What are climate models?
A climate model is a collection of equations that represent the dynamical nature of the atmosphere, oceans, land surface, and cryosphere (ice), as well as variations such as seasonal changes, alterations in the composition of gasses in the atmosphere, and shifting ocean and atmosphere currents. Scientists create these models by compiling large amounts of information on what we know about the changing climate.
Climate models are run on historical periods of 60-200 years to verify that they simulate the Earth’s past climate to a reasonable degree. Models can then be run for future periods to project what might happen to temperature, precipitation, sea level, and other parameters due to the potential impacts from greenhouse gas emissions, land use change, and population increases. Since the rate of change in variables such as population increases, technological advances, and the development and implementation of non-carbon-producing energy sources are unknown, the models are run using a collection of future scenarios, ranging from a low to high degree of change in these variables.
Read more about climate models here. You can also explore some of the factors that are used in climate models with the World Resource Institute’s interactive Climate Data Explorer.
What do they do?
Climate models can help us to understand what could happen in the world 50, 100, or 200 years. For example, culverts have a typical life span of fifty years. Looking at future rainfall or expected sea level rise over the next 50 years can help to select the correct size culvert now. Organizations like NASA use global climate models combined with advanced imaging to create data on projected sea level rise, using it to predict which coastal areas might be inundated in the future. Climate scientists will often create maps from these model results to show trends in temperature around the world or for a specific area.
What is an emissions scenario?
An emissions scenario, or representative concentration pathway (RCP), is an estimate of the amount of change that might happen, generally measured by changes in the concentration of carbon or greenhouse gasses in the atmosphere.
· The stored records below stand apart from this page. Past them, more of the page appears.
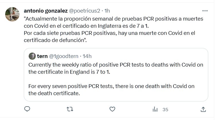 «ES LEVE» «Actualmente la proporción semanal de pruebas PCR positivas a muertes con Covid en el certificado en Inglaterra es de 7 a 1. Por cada siete pruebas PCR positivas, hay una muerte con Covid en el certificado de defunción».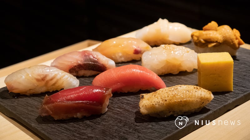 師傅會將現做好的料理──握壽司、小菜、手捲、烤物等──依照推薦食用順序一品一品地端到客人面前。甚至連握壽司都已經一一刷上最佳比例的調味,不用再另外沾醬就可以直接吃。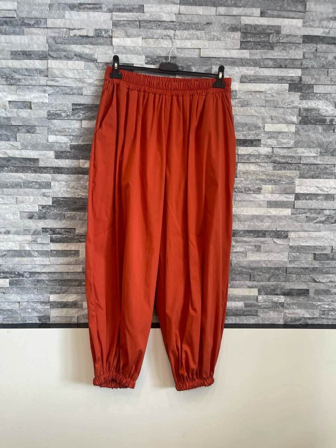 Gumis derekú és aljú, bővebb fazonú nyári nadrág terrakotta színben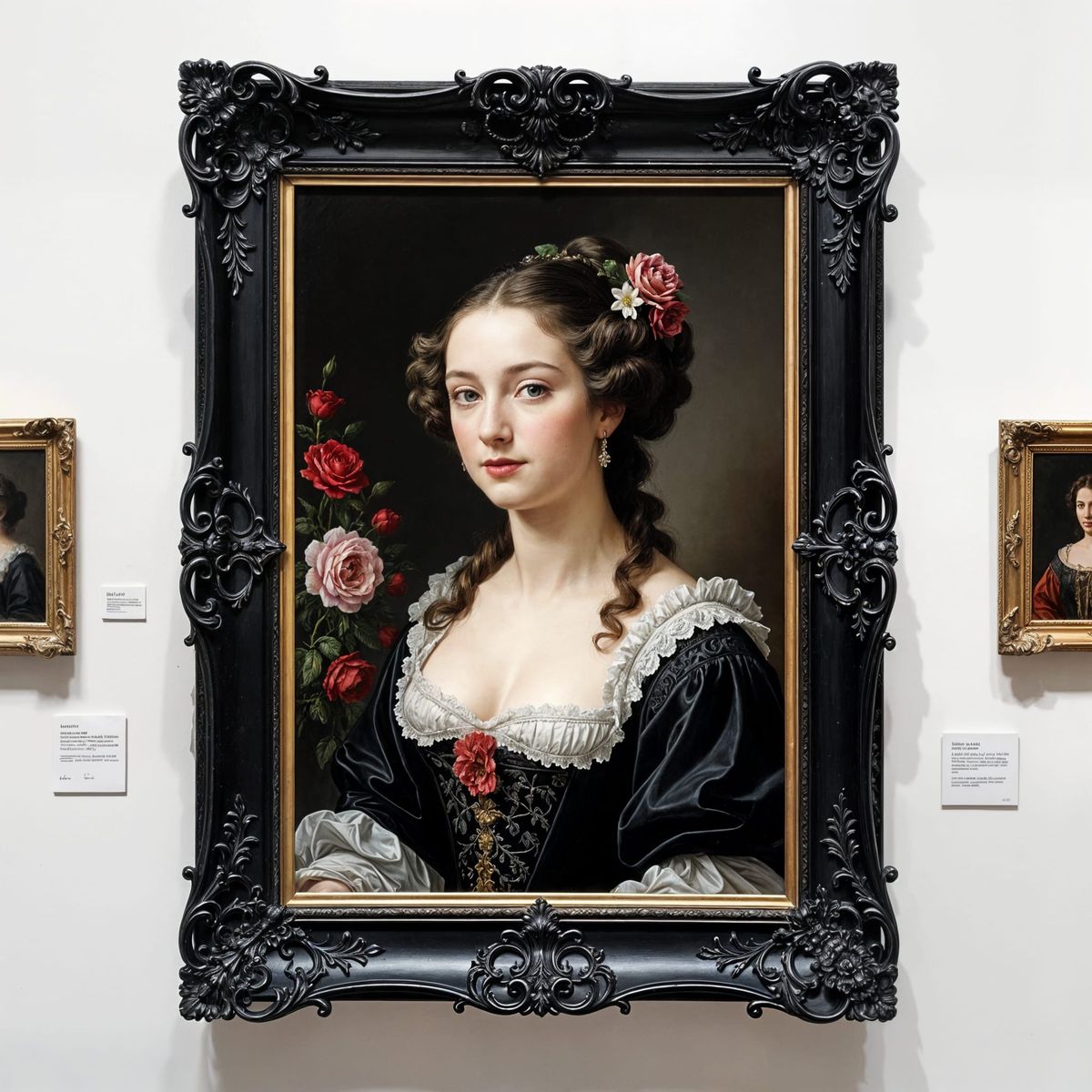 A striking picture of a baroque woman with flowers. The hyperdetailed charcoal drawing is displayed in a black ornate frame, as if hanging in a museum.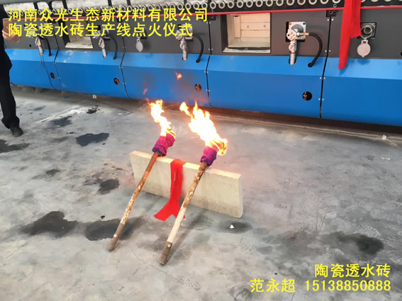 河南眾光生態新材料有限公司今年剛上的陶瓷透水磚新項目,經過四個月緊鑼密鼓的籌建,基礎建設已于7月中旬完工,8月初所有生產設備已安裝到位,并于今日早上9時許舉行了生產窯爐點火儀式,在點火儀式上修武縣各級領導進行了發言,并對我公司陶瓷透水磚項目寄予了厚望。公司老總袁福平手執火把點燃了天然氣窯爐的入火口,在熊熊的火光映照下,大家爆發出熱烈的掌聲,預示著眾光生態新材料陶瓷透水磚項目正式開工投入生產。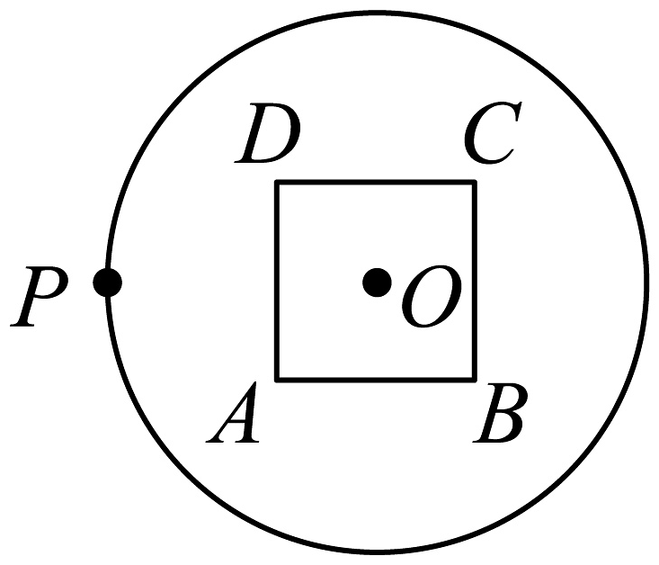 13、铜钱,古代铜质辅币,指秦汉以后的各类方孔圆钱,其形状如图所示.若图中正方形的边长为2,圆的半径为3,正方形的中心与圆的圆心重合,动点在圆上,则的最小值为( )A、1 B、3 C、2 D、4

We cannot know exactly what humans will decide to do in the future—whether our carbon output will increase, decrease, or remain constant. There could be a large-scale shift to clean energy in the next ten years or emissions could continue to rise. For this reason, models are usually run for at least three emissions scenarios: high, medium, and low. The “low” scenario projects future climate even if we stopped adding carbon to the atmosphere immediately. Because some changes take a decades or longer to affect the climate, we are still feeling the effects of actions from 50 years ago. The “high” scenario reflects what might happen if we do not make substantial emissions reductions.
Which models to use
There is no such thing as the “best” model. Models are not designed to simulate accurate day-to-day change, but instead show a general trend of change. This is one reason it is recommended to average over two or more decades when analyzing future results. Using an ensemble of multiple models will provide more reliable results. It is also helpful to compare models to see the similarities and differences in their projections for the future.
In order to obtain quick results and a general idea of what might happen in the future, a middle-of-the-road model can be helpful. This is typically done only with a pilot project. While the one model approach will not give you the most accurate picture, it should be able to at least provide a trend (e.g., upward or downward, seasonal, gradual or abrupt change, increased variation, etc.). This approach is not complete enough for making predictions or recommendations, but rather shows if more research is merited.
You can learn more about model uncertainty by watching the ICNet webinars.
Downscaling is a method to convert the large-scale information that is created by coarse global climate models (GCMs) to higher resolution information for the region or location of interest. There are two types of downscaling: statistical and dynamical. Statistical downscaling finds statistical relationships between coarse climate model output and localized observations in order to produce a high resolution simulated output. This output is much closer to reality than GCMs, which cannot represent regional topographic features. Dynamical downscaling uses the same processes as GCMs, but at much finer scale. Dynamical downscaling models, called regional climate models (RCMs), are able to resolve physical processes of the general circulation of the atmosphere and surface processes, using the output from the GCM as the driving conditions in the finer scale RCM. Global climate models need to be downscaled in order to look at information on a local scale. Many models are available that are already downscaled.